In Serre's "A Course in Arithmetic"(page $84$) he mentions that the Laurent series of the Weierstrass function $$\wp_{\Gamma}(u)= \frac{1}{u^2} + \sum_{\gamma \in \Gamma}(\frac{1}{(u-\gamma)^2} - \frac{1}{\gamma^2})$$ is given by $$(1)\qquad \frac{1}{u^2} + \sum_{k=2}^{\infty}(2k-1)G_k(\Gamma)u^{2k-2}$$ where $G_k(\Gamma)$ is the Eisenstein series of weight $2k$, and $\Gamma$ a lattice in $\mathbf{C}$.

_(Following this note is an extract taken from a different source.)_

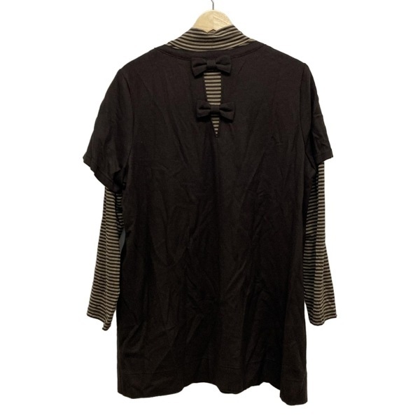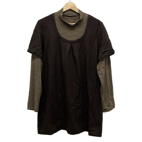 レリアン Leilian チュニック サイズ17+ XL - ダークブラウン×グレーベージュ レディース ハイネック/長袖/ボーダー/リボン ワンピース

I am attempting to prove that this is in fact the case, and have considered expanding $\frac{1}{(u-\gamma)^2} - \frac{1}{\gamma^2}$ as $\frac{1}{\gamma^2}\frac{1}{(1-\frac{u}{\gamma})^2} - \frac{1}{\gamma^2} = \frac{1}{\gamma^2}(\sum_{k=1}^{\infty}(k+1)(\frac{u}{\gamma})^k) = \sum_{k=1}^{\infty}(k+1)(\frac{u^k}{\gamma^{k+2}})$. Hence I am left with:
$$\frac{1}{u^2} + \sum_{\gamma \in \Gamma}(\sum_{k=1}^{\infty}(k+1)(\frac{u^k}{\gamma^{k+2}}))$$ Now in attempting to make this look like (1), I feel like this involves some tricky manipulation of the series to get $G_k(\Gamma)$, but I am not sure how to proceed.

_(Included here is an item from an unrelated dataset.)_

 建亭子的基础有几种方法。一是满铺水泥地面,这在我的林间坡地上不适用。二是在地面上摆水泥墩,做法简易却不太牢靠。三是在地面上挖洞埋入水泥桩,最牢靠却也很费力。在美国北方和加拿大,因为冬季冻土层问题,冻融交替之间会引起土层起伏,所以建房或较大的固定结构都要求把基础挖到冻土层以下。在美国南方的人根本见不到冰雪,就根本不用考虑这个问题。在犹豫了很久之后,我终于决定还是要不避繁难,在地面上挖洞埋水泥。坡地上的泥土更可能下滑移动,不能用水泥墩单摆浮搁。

Any hints would be greatly appreciated.
What you can do is reverse the order of the sums since the series is absolutely convergent to obtain that:
$$\frac{1}{u^2} + \sum_{\gamma \in \Gamma}(\sum_{k=1}^{\infty}(k+1)(\frac{u^k}{\gamma^{k+2}})) = \frac{1}{u^2} + \sum_{k=1}^{\infty}(k+1)(\sum_{\gamma \in \Gamma}(\frac{u^k}{\gamma^{k+2}}))$$ then factor out the $u^k$ to get:
$$\frac{1}{u^2} + \sum_{k=1}^{\infty}(k+1)(\sum_{\gamma \in \Gamma}(\frac{1}{\gamma^{k+2}}))u^k = \frac{1}{u^2} + \sum_{k=1}^{\infty}(k+1)G_k(\Gamma)u^k$$ We know that modular forms of odd weight are zero, and hence our sum becomes:
$$\frac{1}{u^2} + \sum_{k=2}^{\infty}(2k-1)G_k(\Gamma)u^{2k-2}$$ as desired.